National President for the Association for Public Policy Analysis (APPA), Comrade Princewill Okorie, in a statement yesterday said, “We are totally in support of the policy focus of the Federal Ministry of Power, Works and Housing as presented by the Minister, Mr. Babatunde Fashola. This is because the minister by his directive has demonstrated that he is not biased in favour of DisCos, consumers or GenCos.

“When tariff was increased in favour of DisCos, the minister defended the DisCos and assured consumers that quality service was going to improve since the tariff increase which was expected to enable DisCos to have more money to inject into the system,” Okorie said.

The association said the directive should be adhered to by the DisCos to address the major complaints of electricity consumers. APPA listed the consumer challenges to include estimated billing, corruption, erosion of confidence due to lack of accountability and transparency occasioned by non-availability of meters to consumers.

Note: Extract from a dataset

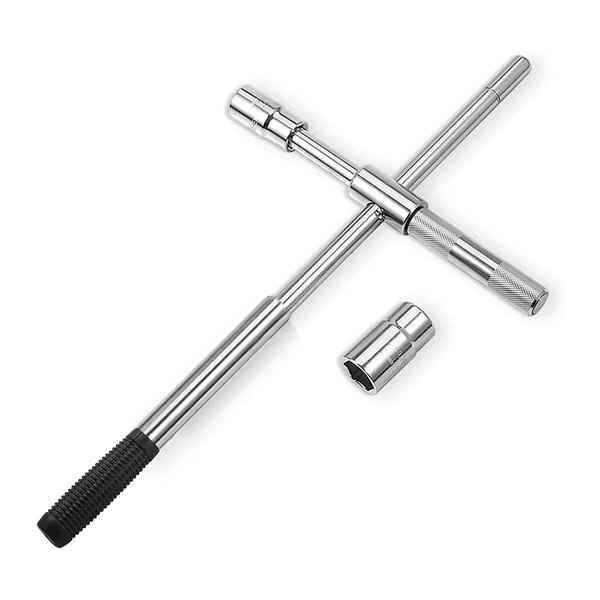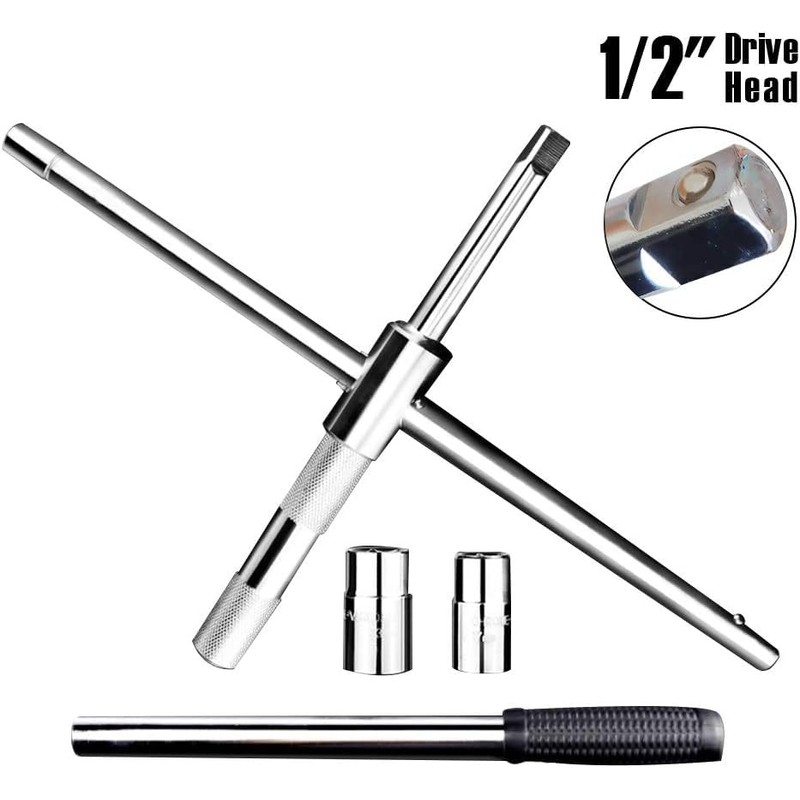 - Telescopic & Detachable Design: Extend the wrench from 17" to 23" for maximum leverage on tight bolts, then detach sockets for compact storage. Saves 70%+ space in your trunk vs. fixed wrenches.

“The DisCos have always argued that tariff paid by consumers are not adequate to enable them to cover cost, but they fail to disclose how much money,” the statement noted.

The Network for Electricity Consumers Advocacy of Nigeria (NECAN) in a separate statement issued by its chairman, Chief Tomi Akingbogun, also backed Fashola’s call for improved services.

He said some DisCos did selective energy supply to areas where they would make more money adding, “Yet the masses are placed on estimated billing. How do we account for income from estimated billings? We have had cases of DisCos’ computers having arithmetic errors.”

NECAN also said the power firms have failed to meter all customers even when the present tariff includes cost of metering.

On his part, the president, Network for Consumer Protection, Barrister Kunle Olubiyo, called for a holistic approach to the issues of poor services raised by the minister.

He urged NERC to convene a roundtable of the investors, government officials and other stakeholders to review the power sector privatization.

“The regulatory agency should also be allowed to do its job and if there are gaps in the regulatory and institutional framework, then we can make amends to strengthen NERC,” Olubiyo stated.